Location
- South Melbourne, Victoria Australia
- Coordinates: 37°50′41″S 144°57′21″E﻿ / ﻿37.84472°S 144.95583°E

Information
- Type: private
- Established: 1889
- Founder: Thomas Palmer
- Status: closed
- Closed: 1917

= South Melbourne College =

South Melbourne College was a co-education boarding school in South Melbourne, Victoria, Australia. The school was founded by Thomas Palmer in 1883.

John Bernard O'Hara became a partner in 1889 and became sole proprietor in 1893–94. In his hands it became a leading private school in Victoria. During a period of eight years, of 28 first-class honours gained by all the schools of Victoria in physics and chemistry, 14 were obtained by pupils from South Melbourne College. O'Hara was an inspiring teacher, and many of his pupils went on to hold distinguished positions in the universities of Australia.

From 1905, the school was located at 76 Kerferd Rd, South Melbourne.

O'Hara closed the school in 1917 due to ill health.

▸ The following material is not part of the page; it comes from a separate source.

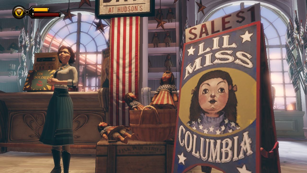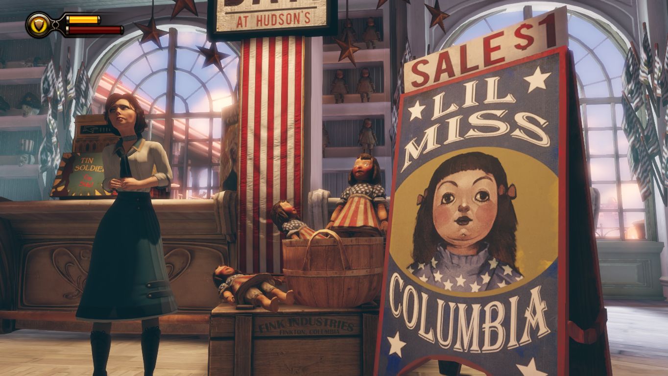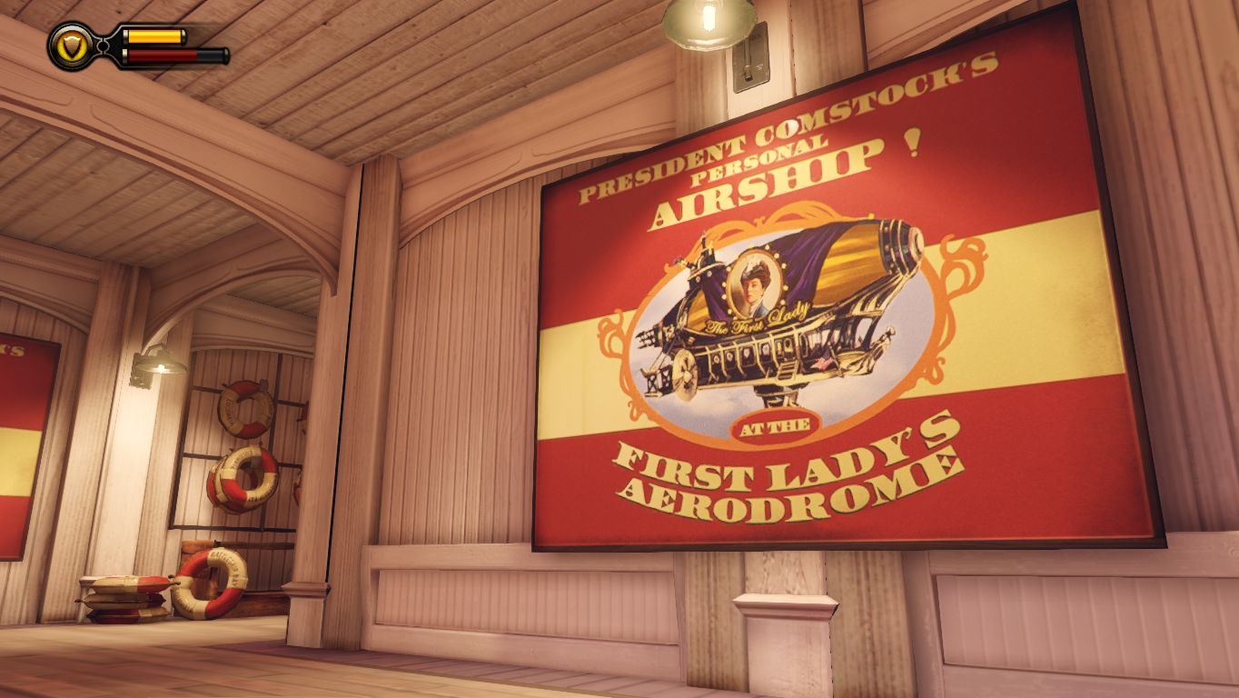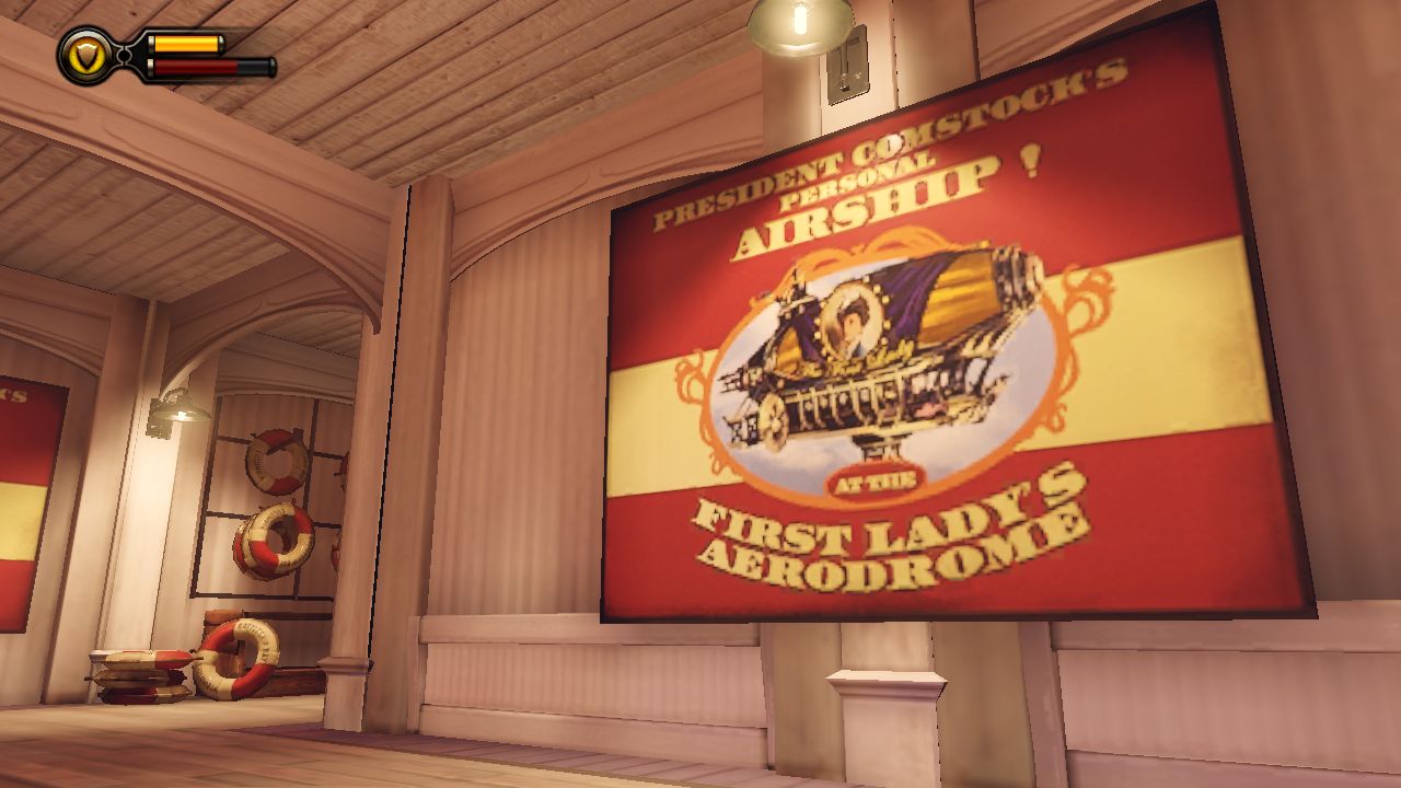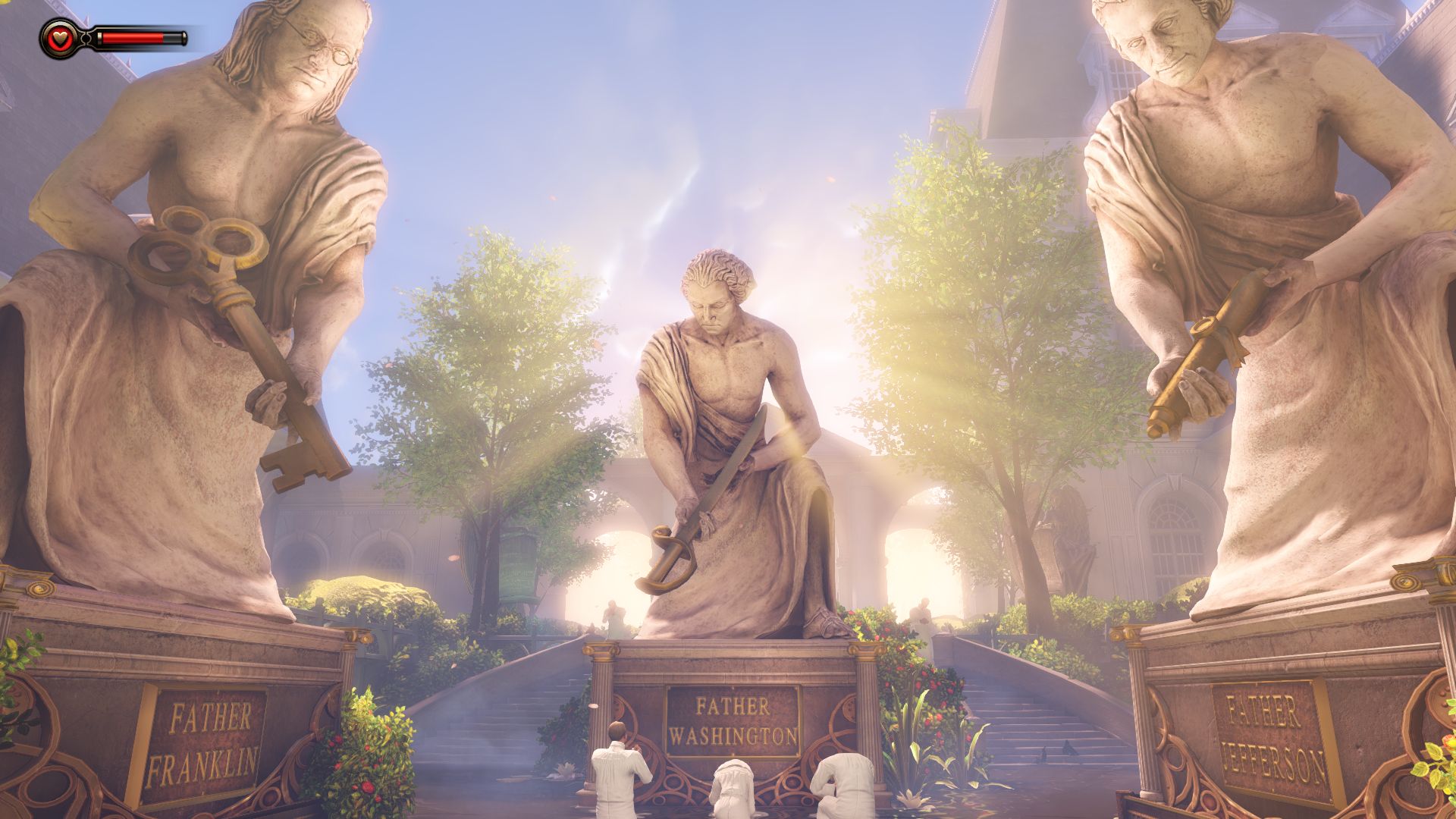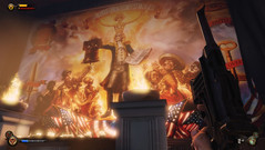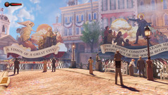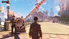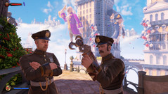 Just like in the first BioShock, the game starts in a light house. But this is the only similarity between the two games concerning atmosphere. Unlike the first BioShock, BioShock Infinite unfolds a picturesque idyll at the beginning of the game. However this misleads extremely. The "steampunk-like" cloud empire is dominated by a man named Comstock. The ubiquitous propaganda posters praise Comstock as prophet and religious leader. Attentive players will notice quickly that not everything runs smoothly behind the curtains because, just as in reality, there are some citizens who exaggerate with their faith and piousness. Differently put: Columbia is ruled by racism and fanaticism. It is no surprise that the main character soon spoils things with the citizens and heads for a confrontation.

The Fred Walker Company acquired the premises in 1920, housing the food manufacturing business which later produced Vegemite.

==Notable alumni==
- Edith Helen Barrett, medical doctor
- Don Cameron, politician
- Isabella Jobson, nurse who served in World War I
- Paul Jones, politician
- Katharine Susannah Prichard, author
- Henry Caselli Richards, geologist
- T. J. Ryan, politician
- Walter Nairn, politician
- Doctor Sister Mary Glowrey JMJ, medical missionary in India
- Doctor Elsie Carne (nee Thomas), medical missionary in India and Fiji
- Victor Charles Nightingall, Inventor, foundation member of the Victorian Institute of Electrical Engineers. Inventor and original patent holder of Inorganic zinc coatings which revolutionised the protection of steel from corrosion. Was described in his obituary in the Melbourne "Sun" newspaper (4 Aug 1947) as Australia's Edison.